Дверь открылась — бесшумно, чего она, готовая к зловещему скрипу несмазанных петель, не ожидала.
Он стоял на пороге, как всегда безупречно одетый, слегка небрежный в прическе, отточенно-скупой в движениях. Теперь, когда их не разделяла больше зеркальная преграда, она чувствовала его запах — от него пахло имбирем, и корицей, и еще немного перцем, и самую малость — вязкой каштановой приторностью только что излитого семени. От этого, последнего оттенка она тут же почувствовала, что вся там, внизу, потекла, и он, разумеется, почувствовал это тоже.
— Здравствуй, — сказала Лерочка. — Я пришла.
— Привет, — сказал он. — Я ждал тебя.
— Нас, — поправила она и протянула ему завернутого в одеяльце сына.
Он принял его без обычной мужской неловкости. Было видно, что ему не привыкать держать в своих больших, но совсем не грубых руках хрупкие детские тельца. Откинув край одеяльца, он мгновение всматривался в расслабленное сном детское личико. Лицо его, бледно-мраморное, как у статуи, в этот момент не выражало ничего, но в следующий миг он улыбнулся, словно осветившись изнутри теплым огнем.
Ребенок распахнул глаза и вперился в лицо отца совершенно взрослым, осознанным взглядом.
Они смотрели друг на друга несколько секунд, и Лерочке казалось, что в эти мгновения воздух между отцом и сыном загустевает от некой нечеловеческой силы, которая наполнила пространство между ними. Что-то неуловимо менялось в облике малыша, и она поняла, что с этого момента все в его судьбе, да и в ее собственной необратимо изменилось — в очередной, возможно, последний раз. Словно услышав ее мысли, два таких похожих мужчины перестали сверлить друг друга взглядами одинаково бесцветных глаз и одновременно посмотрели на нее.

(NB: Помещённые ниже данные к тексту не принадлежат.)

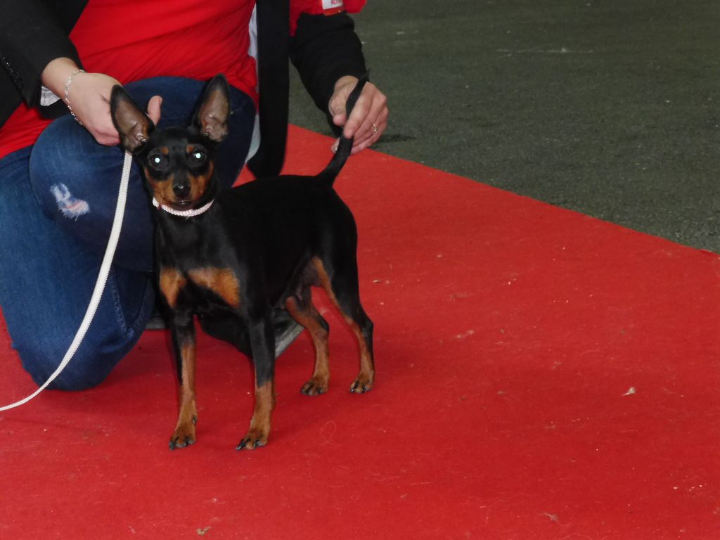 Ses résultats: 15/02/14 BOURG EN BRESSE classe puppy.juge juanchicot :Très prometteur 11/05/14 CHAROLLES Classe jeune. Juge Voilet : 1er excellent 06/09/14 DIJON classe inter. Juge Morbelli:1er très bon 06/06/15 CHAMPIONNAT DE FRANCE Classe ouverte. Juge juanchicot:4eme exc 18/03/18 MONTLUCON : classe ouverte juge Mme Lafay CACS, CACIB, Meilleure de race ; 08/04/18 Limoges Speciale de race : 2ieme excellent

Лерочка утонула в розовой дымке, в невесомой паутине тончайших сосудов вокруг бездонных дыр зрачков, запуталась в их сети, забилась пойманной птицей, трепеща сорвавшимся в галоп сердцем и сходя с ума от мерзкого сладострастного предчувствия чего-то удивительно нехорошего, жуткого, но столь вожделенного, что она застонала в предвкушении этого отвратительного, восхитительного, страшного чуда, чувствуя, что сходит с ума от затопившей всю ее страсти, которая поднималась от разгоряченного похотью лона и било раскаленной иглой в основание мозга, лишая мыслей, воли, самосохранения и такого естественного для всего живого желания быть.
Сознание ее меркло и растворялось в зове, который заглушал все остальные звуки мира, раскалывалось, раздваивалось, и, сливаясь с тысячами таких же гаснущих разумов — спящих, грезящих наяву, парализованных длящимся вечно мгновением вечной неги, — она остатками того, что совсем недавно было частью ее «я», словно бы со стороны, отстраненно и без эмоций, наблюдала за собой настоящей, плотской, мясной, составленной из материнства, похоти и любви, за последними минутами своей жизни в этом уродливом мире — и понимала, что не чувствует уже ничего: ни сожаления, ни сомнений, ни страха.